→ ACTION ITEM
Make an exact transcript of the lines in the data below, starting with the one containing "185. 81 William" and going on through the one containing "The INSPECTOR Data-logging", with both included and the pictures left out.

Collection entries
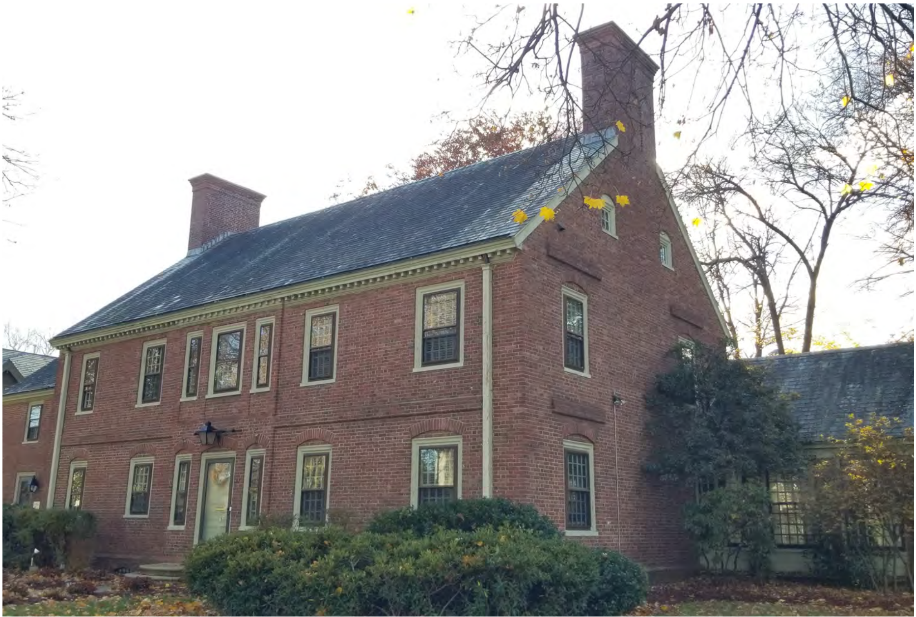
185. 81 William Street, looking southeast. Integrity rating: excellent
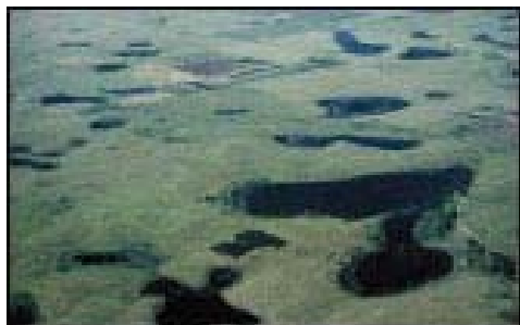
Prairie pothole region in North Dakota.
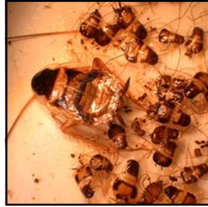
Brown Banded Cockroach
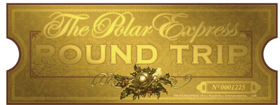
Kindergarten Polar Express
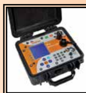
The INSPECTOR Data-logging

---

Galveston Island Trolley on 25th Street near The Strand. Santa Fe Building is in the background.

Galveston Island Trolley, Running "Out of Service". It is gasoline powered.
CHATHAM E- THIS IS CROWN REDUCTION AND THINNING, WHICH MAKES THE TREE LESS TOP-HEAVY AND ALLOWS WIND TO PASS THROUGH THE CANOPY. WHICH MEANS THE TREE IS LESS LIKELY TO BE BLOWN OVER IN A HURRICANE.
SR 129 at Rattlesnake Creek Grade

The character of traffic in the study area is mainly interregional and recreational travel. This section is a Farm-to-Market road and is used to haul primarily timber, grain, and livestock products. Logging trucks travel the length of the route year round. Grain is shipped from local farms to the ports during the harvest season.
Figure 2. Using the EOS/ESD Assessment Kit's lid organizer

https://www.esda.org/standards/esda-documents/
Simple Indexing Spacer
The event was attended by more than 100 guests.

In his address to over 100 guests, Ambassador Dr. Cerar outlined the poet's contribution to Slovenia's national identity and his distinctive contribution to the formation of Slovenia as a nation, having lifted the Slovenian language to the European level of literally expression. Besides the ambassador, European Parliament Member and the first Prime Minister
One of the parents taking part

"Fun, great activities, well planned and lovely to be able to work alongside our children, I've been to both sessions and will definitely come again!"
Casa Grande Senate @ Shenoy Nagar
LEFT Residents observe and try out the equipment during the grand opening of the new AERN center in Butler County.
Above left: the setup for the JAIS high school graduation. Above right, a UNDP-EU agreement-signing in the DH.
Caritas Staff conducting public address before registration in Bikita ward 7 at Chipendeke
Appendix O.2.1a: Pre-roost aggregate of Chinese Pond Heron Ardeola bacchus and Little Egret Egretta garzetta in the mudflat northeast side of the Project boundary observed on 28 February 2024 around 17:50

==

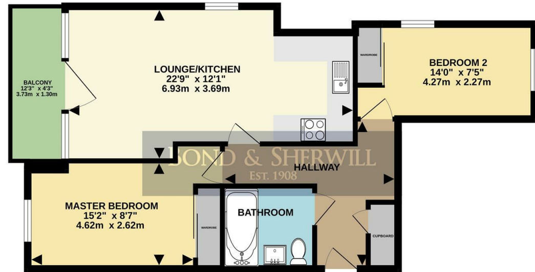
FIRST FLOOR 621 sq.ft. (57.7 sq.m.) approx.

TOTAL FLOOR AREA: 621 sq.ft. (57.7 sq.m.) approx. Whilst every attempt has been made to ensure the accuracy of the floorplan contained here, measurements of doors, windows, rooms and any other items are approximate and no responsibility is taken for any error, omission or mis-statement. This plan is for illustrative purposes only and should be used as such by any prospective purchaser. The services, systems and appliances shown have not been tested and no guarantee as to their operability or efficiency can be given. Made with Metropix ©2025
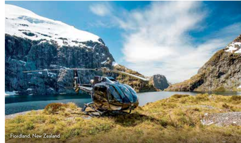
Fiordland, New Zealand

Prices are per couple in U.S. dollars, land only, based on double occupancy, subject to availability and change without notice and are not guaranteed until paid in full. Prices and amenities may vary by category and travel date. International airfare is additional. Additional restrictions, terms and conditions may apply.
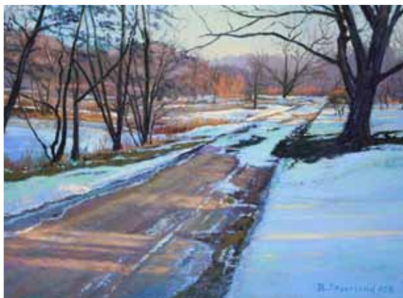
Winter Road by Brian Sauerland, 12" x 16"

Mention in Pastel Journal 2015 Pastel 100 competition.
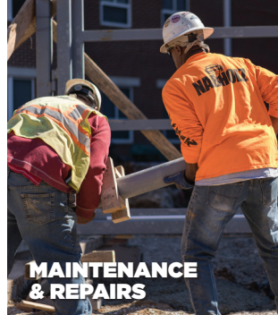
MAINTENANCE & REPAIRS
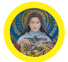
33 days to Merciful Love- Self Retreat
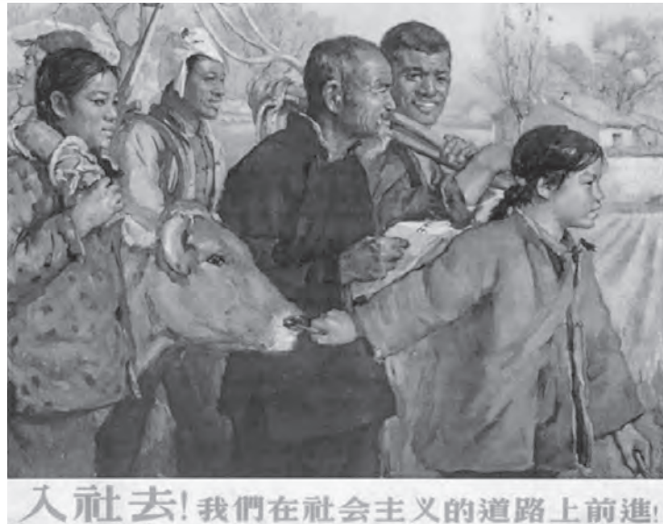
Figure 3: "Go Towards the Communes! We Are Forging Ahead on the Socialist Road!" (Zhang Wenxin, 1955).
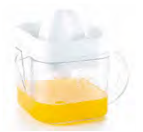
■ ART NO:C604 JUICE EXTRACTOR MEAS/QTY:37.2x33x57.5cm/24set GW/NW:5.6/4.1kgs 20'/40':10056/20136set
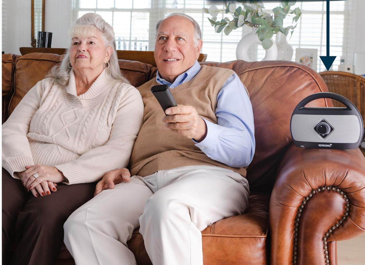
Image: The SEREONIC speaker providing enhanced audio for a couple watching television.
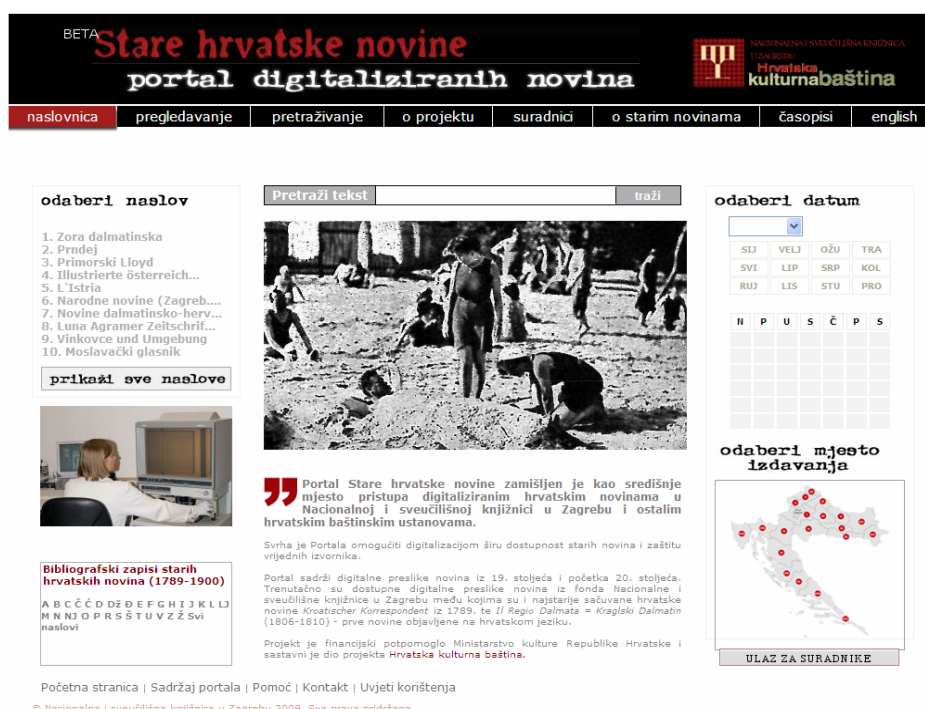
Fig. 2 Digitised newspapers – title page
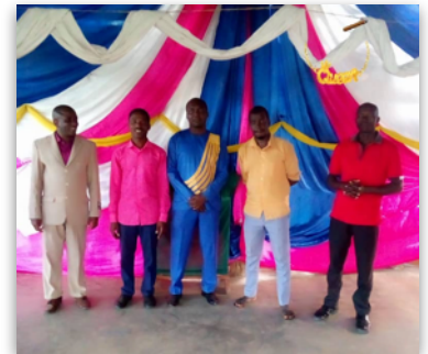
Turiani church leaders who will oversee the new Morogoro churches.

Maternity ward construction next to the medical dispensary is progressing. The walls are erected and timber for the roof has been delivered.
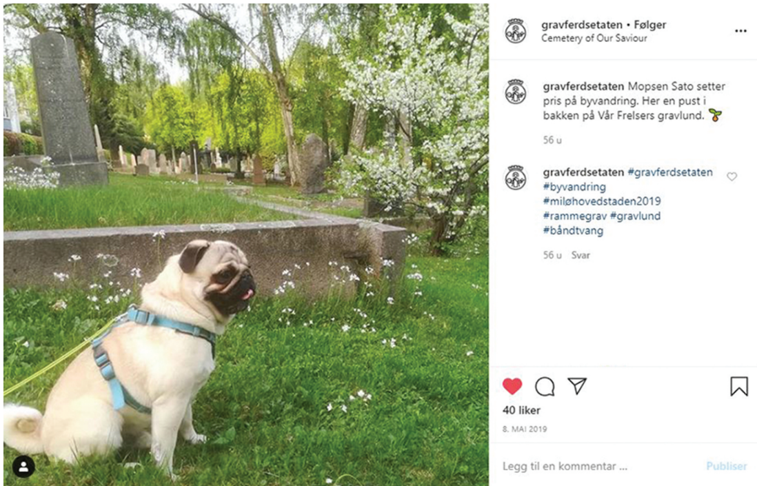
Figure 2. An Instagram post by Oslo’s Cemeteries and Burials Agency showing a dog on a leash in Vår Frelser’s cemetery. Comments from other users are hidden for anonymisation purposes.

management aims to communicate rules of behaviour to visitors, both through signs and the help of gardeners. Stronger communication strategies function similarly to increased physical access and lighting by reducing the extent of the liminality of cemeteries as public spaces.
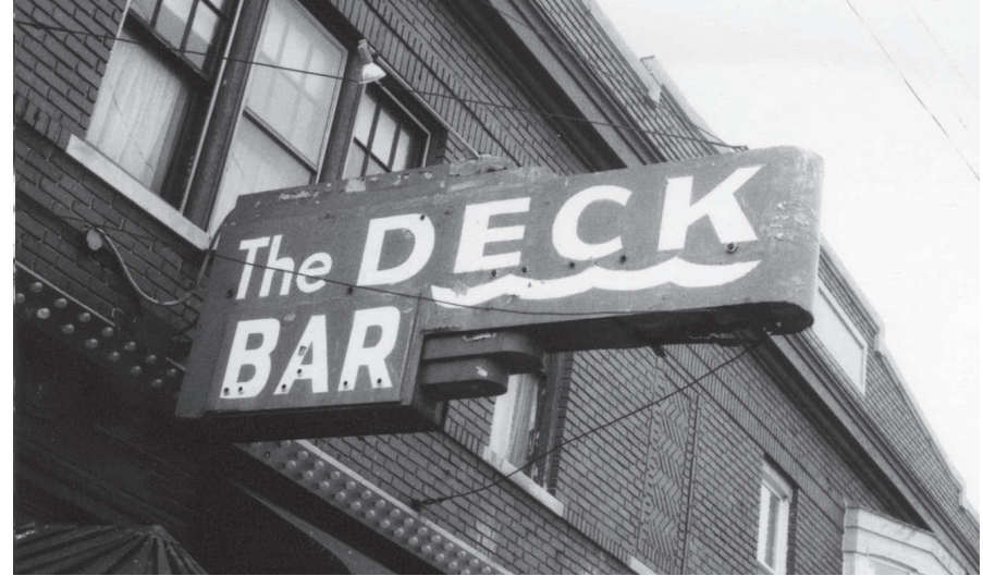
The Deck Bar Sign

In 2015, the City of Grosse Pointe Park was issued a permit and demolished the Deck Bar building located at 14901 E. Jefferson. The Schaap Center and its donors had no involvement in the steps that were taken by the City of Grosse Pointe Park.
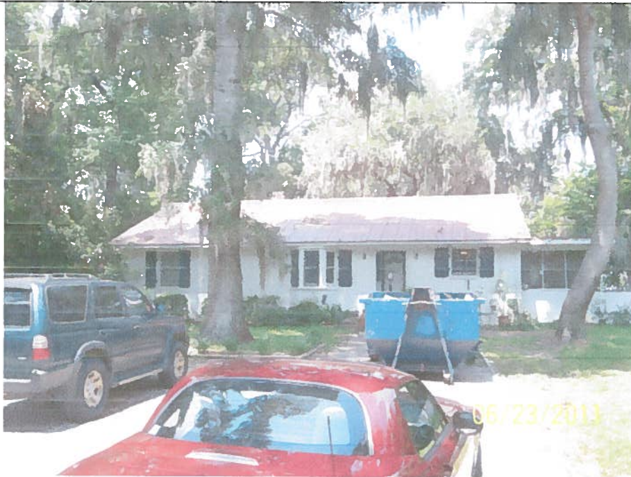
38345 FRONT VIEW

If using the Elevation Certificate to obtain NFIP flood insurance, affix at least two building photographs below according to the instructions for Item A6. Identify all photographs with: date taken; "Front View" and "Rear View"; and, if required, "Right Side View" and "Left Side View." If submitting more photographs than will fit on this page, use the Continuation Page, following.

→ RESULT
185. 81 William Street, looking southeast. Integrity rating: excellent
Prairie pothole region in North Dakota.
Brown Banded Cockroach
Kindergarten Polar Express
The INSPECTOR Data-logging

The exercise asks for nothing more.